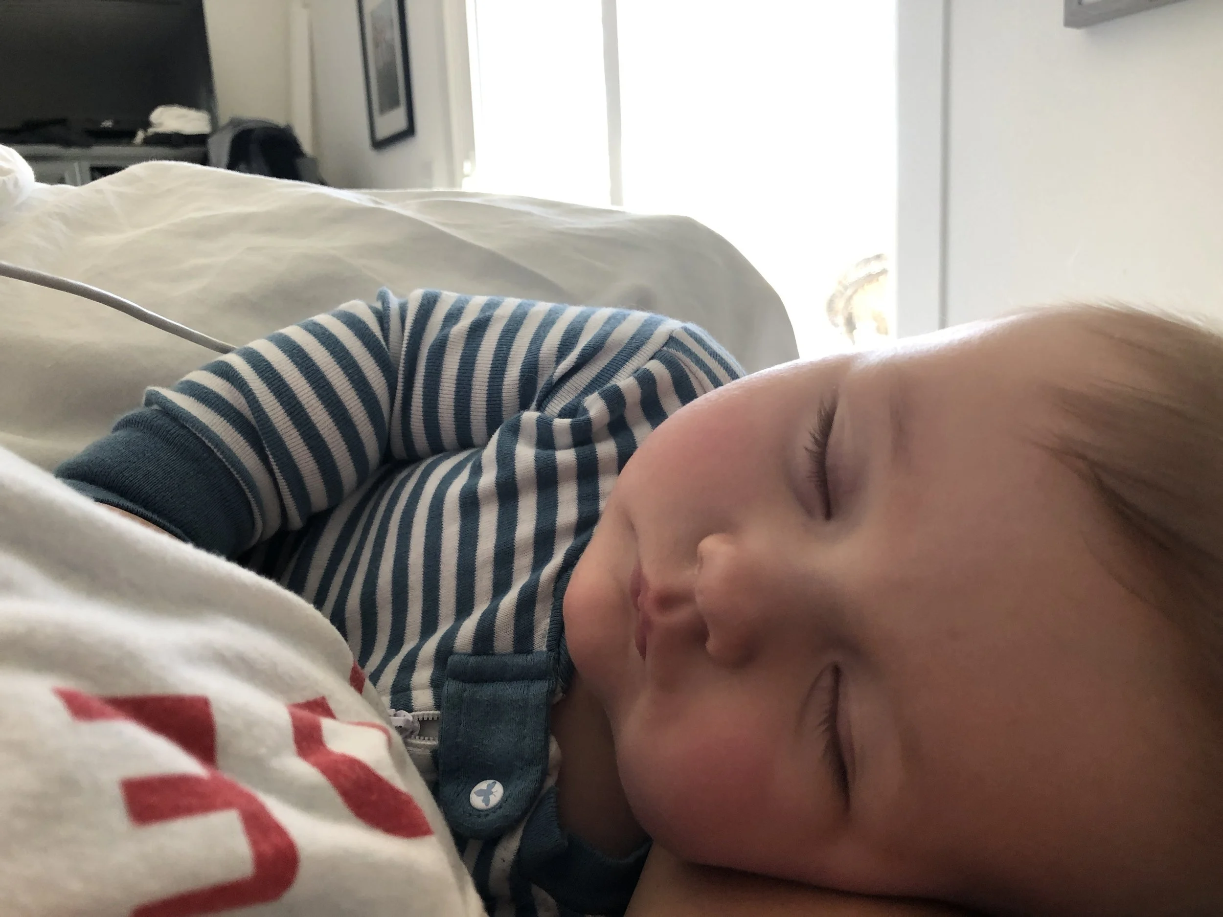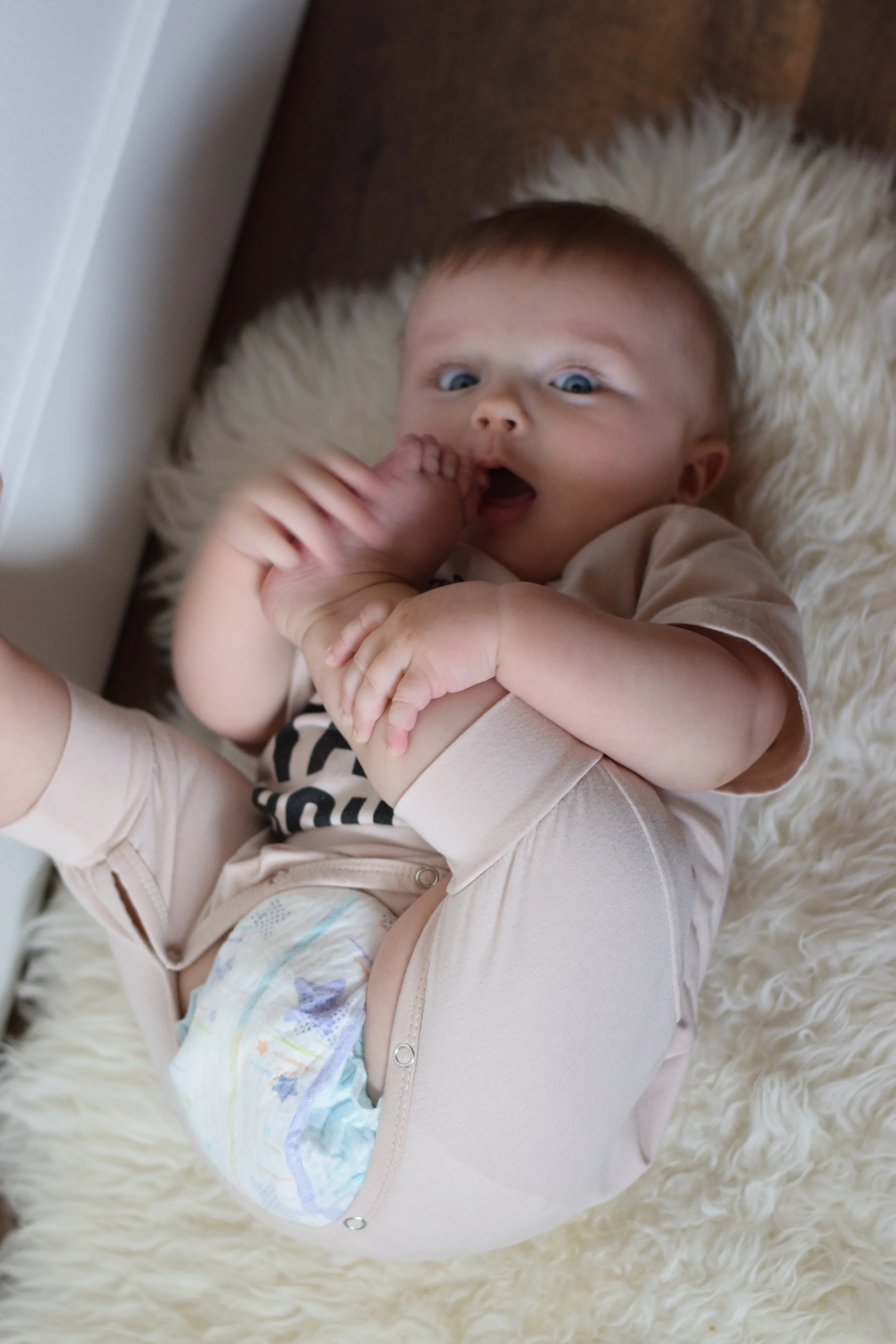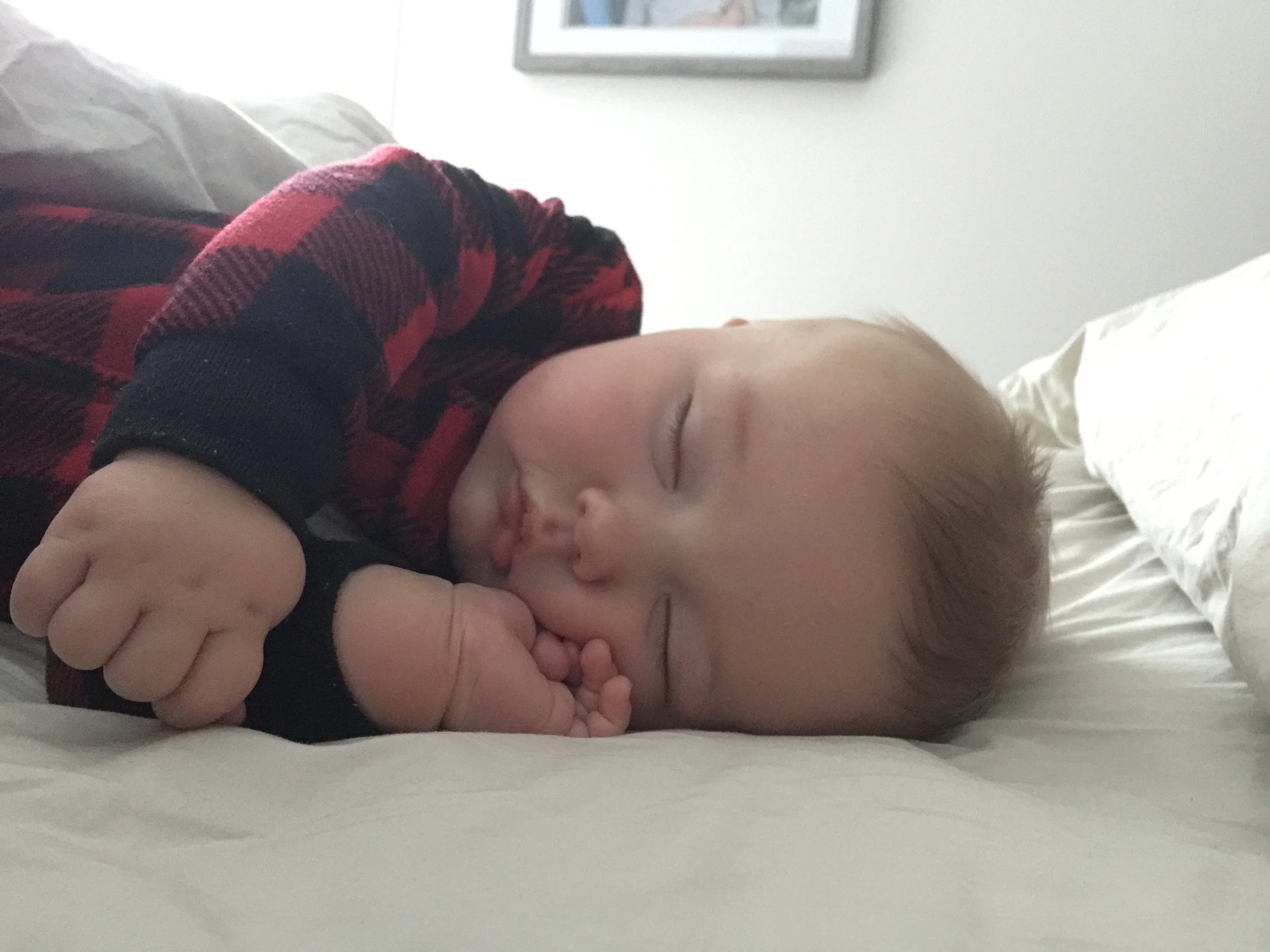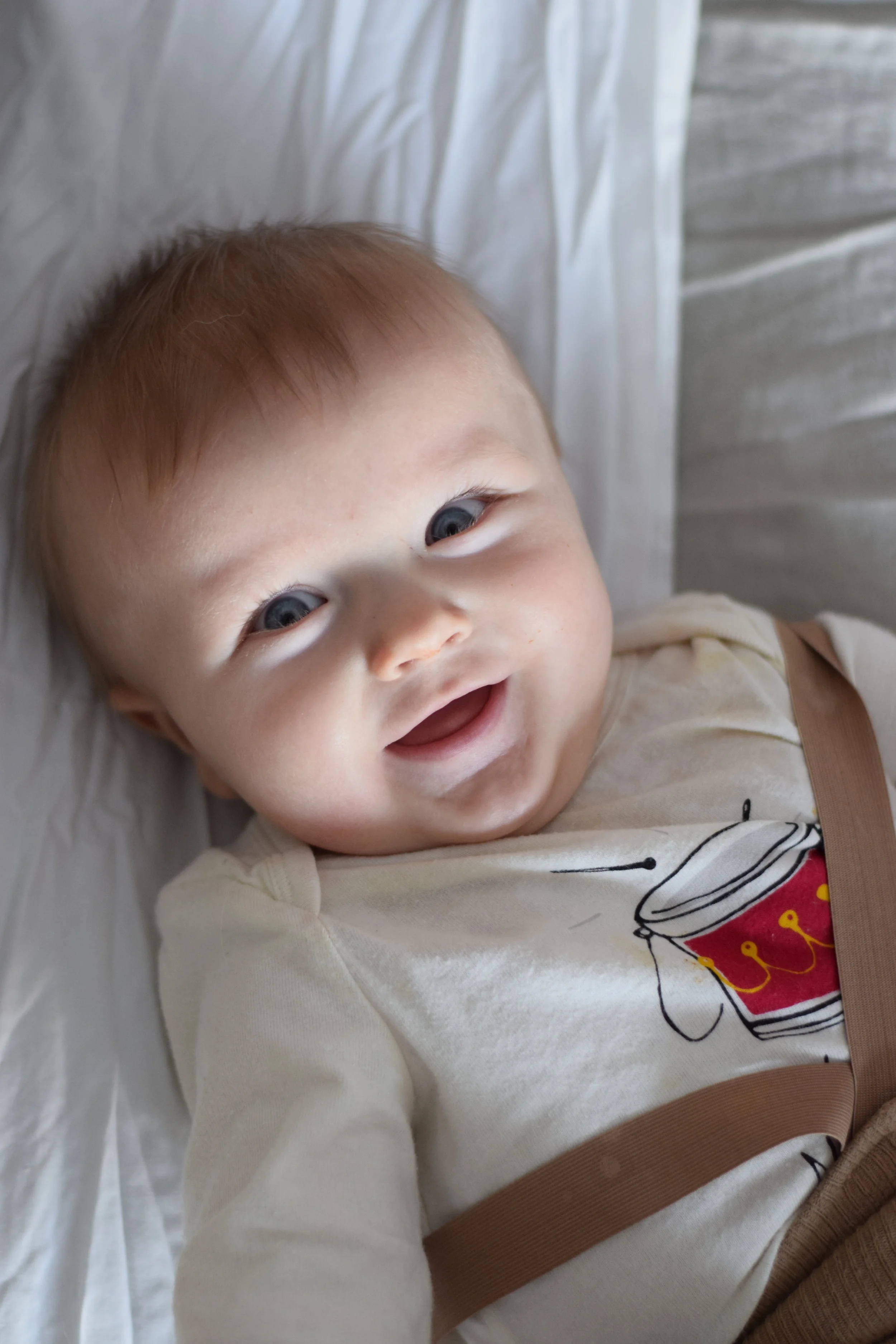 Sleep has kind of regressed since his 4 month post. He still sleeps in his dock-a-tot although I think I need to upgrade to the deluxe, unless I just take it away completely and put him in his crib. IDK what I want to do yet. He wakes up about 2-3 times now-a-days to nurse, but then goes right back to bed and sleeps til around 7-8am. He's still nursing about 4-5 times during the day, but is enjoying much more solids and food from moms plate. He loves those yogurt melts and puffs!
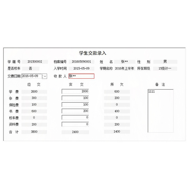 本文介紹了一款針對(duì)學(xué)校收費(fèi)管理的系統(tǒng)。該系統(tǒng)能全面協(xié)助學(xué)校管理學(xué)生各項(xiàng)費(fèi)用,包括學(xué)費(fèi)、書費(fèi)、資料費(fèi)、保險(xiǎn)費(fèi)、雜費(fèi)和校車費(fèi)。通過(guò)簡(jiǎn)單錄入學(xué)生基本信息,系統(tǒng)可自動(dòng)復(fù)制到交費(fèi)信息中,實(shí)現(xiàn)高效的數(shù)據(jù)匯總和統(tǒng)計(jì)。此系統(tǒng)上手快,靈活易用,適合各種學(xué)校財(cái)務(wù)人員使用。
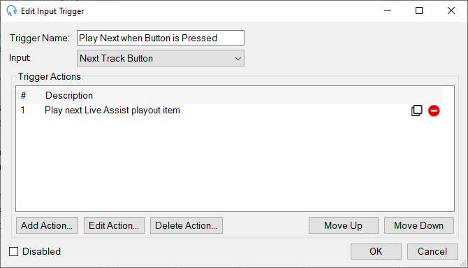 Check this box to temporarily disable the trigger without deleting its configuration. While disabled, the trigger will not execute even when its associated Named Input is received. This is useful for testing or temporarily suspending automation without losing your configuration.
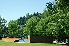Athletic facilities at the park include several fields and courts.[1] Courts include one full-sized basketball court, a half-sized basketball court, two tennis courts, and a beach volleyball court.[1] The fields include one baseball field, four softball fields, and three soccer fields that overlay the softball diamonds' outfields.[1] Memorial Park also includes the only skatepark in the city.[1]
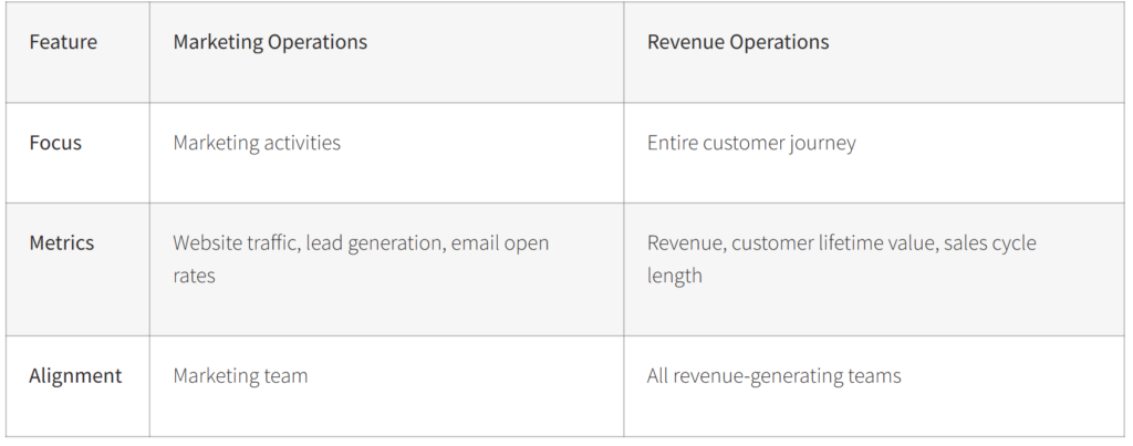 Revenue Operations is a broader function that aligns sales, marketing, and customer success teams to optimize the entire customer journey and drive revenue. It involves breaking down silos, improving data quality, and implementing technology solutions to enhance efficiency and effectiveness across the entire revenue organization.
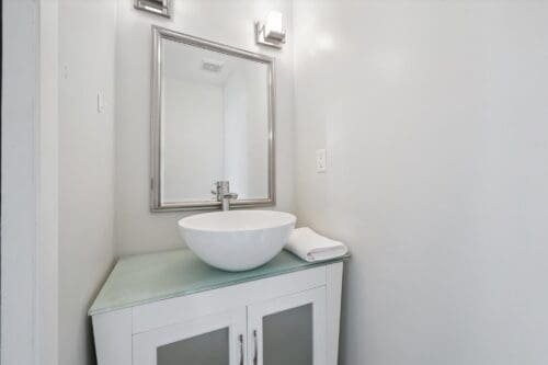 The main floor also features a separate wing, ideal for in-laws or guests seeking independence. Boasting high ceilings, a spacious living room with soaring ceilings, a bedroom setup, its own 4-piece bath, laundry, and sliding patio doors, this private suite seamlessly opens to your backyard haven. A stylish powder room, gleaming hardwood floors round out this inviting main level.
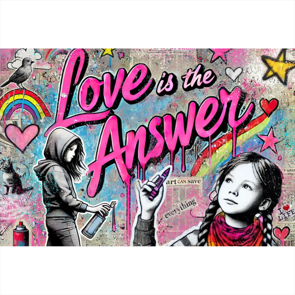 Dieses beeindruckende Wandbild vereint moderne Graffiti-Kunst mit einer inspirierenden Botschaft, die sofort ins Auge fällt: "Love is the Answer". Im Vordergrund stehen zwei Figuren, ein Mädchen mit Zöpfen, das einen Stift in der Hand hält und künstlerisch tätig ist, sowie eine weitere Person, die eine Sprühdose nutzt. Diese Darstellung verkörpert Kreativität und Ausdruckskraft, während sie gleichzeitig an die Bedeutung von Liebe und positive Gedanken erinnert. Die Verwendung von dynamischen Formen und urbanen Elementen verleiht dem Bild eine besondere Tiefe und schafft eine lebendige Raumwirkung. Die Kombination von Schriftzügen und visuellen Symbolen in Pop-Art-Stil sorgt für eine starke visuelle Anziehungskraft. Das Bild eignet sich hervorragend als dekoratives Element in modernen Wohnräumen, Büros oder Kinderzimmern, wo es als tägliche Erinnerung an die Kraft der Liebe und Kreativität dient. Der Stil des Bildes erinnert an Streetart, was ihm einen authentischen und urbanen Charakter verleiht, der in verschiedenen Raumgestaltungen einen markanten Akzent setzen kann. Die Materialanmutung des Bildes vermittelt eine Mischung aus künstlerischer Freiheit und stilistischer Präzision, was es zu einem idealen Kunstwerk für Liebhaber moderner und ausdrucksstarker Dekoration macht.
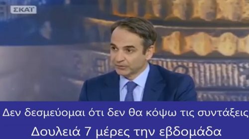 Σήμερα προσπαθεί να κάνει πιο «στρογγυλές» τις αληθινές του θέσεις, για να μην τρομάξει τον κόσμο που τον βλέπει σαν… «σωτήρα», εκείνον τον κόσμο που παρακολουθεί ΣΚΑΪ και τα μέσα του υπόδικου Μαρινάκη. Ας θυμηθούμε όμως, σε ένα βίντεο, σε τί πραγματικά έχει δεσμευτεί ο Κυριάκος Μητσοτάκης όλα αυτά τα χρόνια και τί πραγματικά θα εφαρμόσει αν κατάφερνε να εκλεγεί…
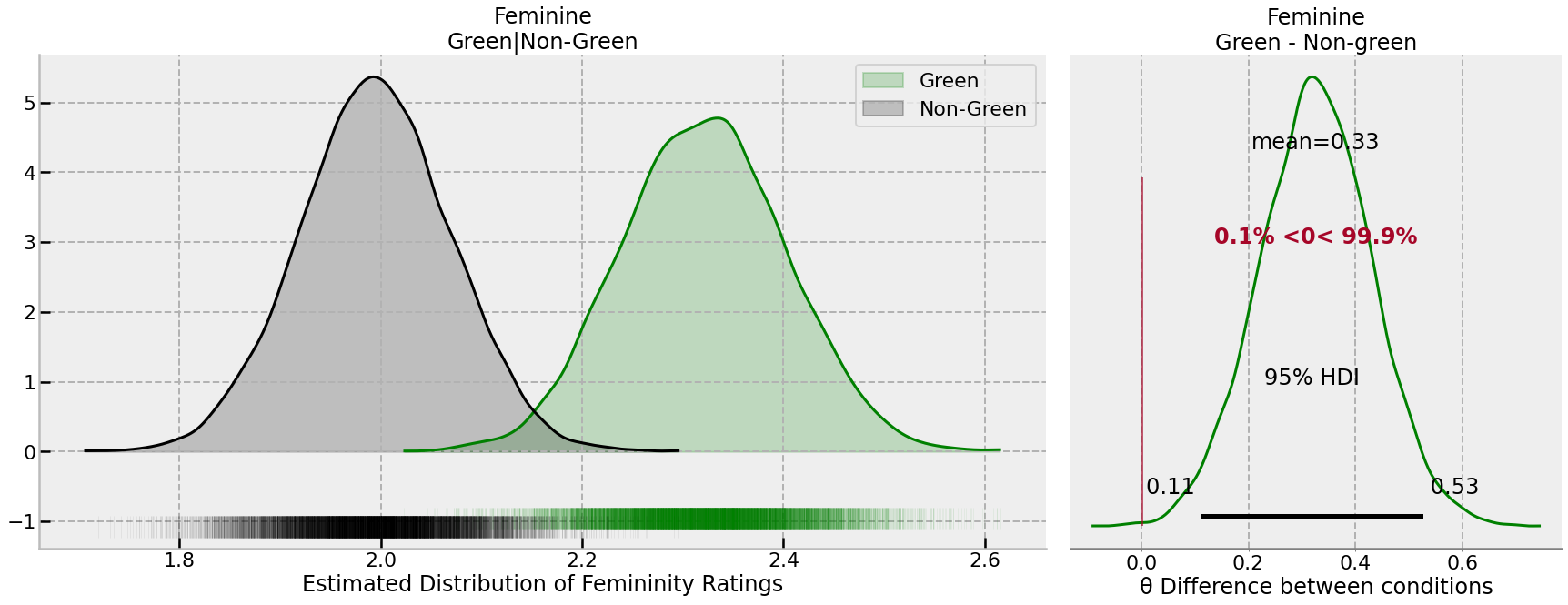 Thus far, the conclusion is that there is a positive effect of green behaviour on perceptions of femininity in general — the probability that the ratings of femininity are higher for green behaviour is 99.9%, and the BF for the alternative is 48.87. While this indicates the presence of an effect, the overall effect is relatively small, with the upper bound being only around half a rating scale point. This may — or may not — be psychologically practical or relevant.

* * * * *

* WHAT TO WORK ON *
Repeat only what runs from the first line of the records above to the line with "本文介紹了一款針對(duì)", both included, word for word, minus the pictures.

* RESULT FOR THIS EXERCISE *
 Sleep has kind of regressed since his 4 month post. He still sleeps in his dock-a-tot although I think I need to upgrade to the deluxe, unless I just take it away completely and put him in his crib. IDK what I want to do yet. He wakes up about 2-3 times now-a-days to nurse, but then goes right back to bed and sleeps til around 7-8am. He's still nursing about 4-5 times during the day, but is enjoying much more solids and food from moms plate. He loves those yogurt melts and puffs!
 本文介紹了一款針對(duì)學(xué)校收費(fèi)管理的系統(tǒng)。該系統(tǒng)能全面協(xié)助學(xué)校管理學(xué)生各項(xiàng)費(fèi)用,包括學(xué)費(fèi)、書費(fèi)、資料費(fèi)、保險(xiǎn)費(fèi)、雜費(fèi)和校車費(fèi)。通過(guò)簡(jiǎn)單錄入學(xué)生基本信息,系統(tǒng)可自動(dòng)復(fù)制到交費(fèi)信息中,實(shí)現(xiàn)高效的數(shù)據(jù)匯總和統(tǒng)計(jì)。此系統(tǒng)上手快,靈活易用,適合各種學(xué)校財(cái)務(wù)人員使用。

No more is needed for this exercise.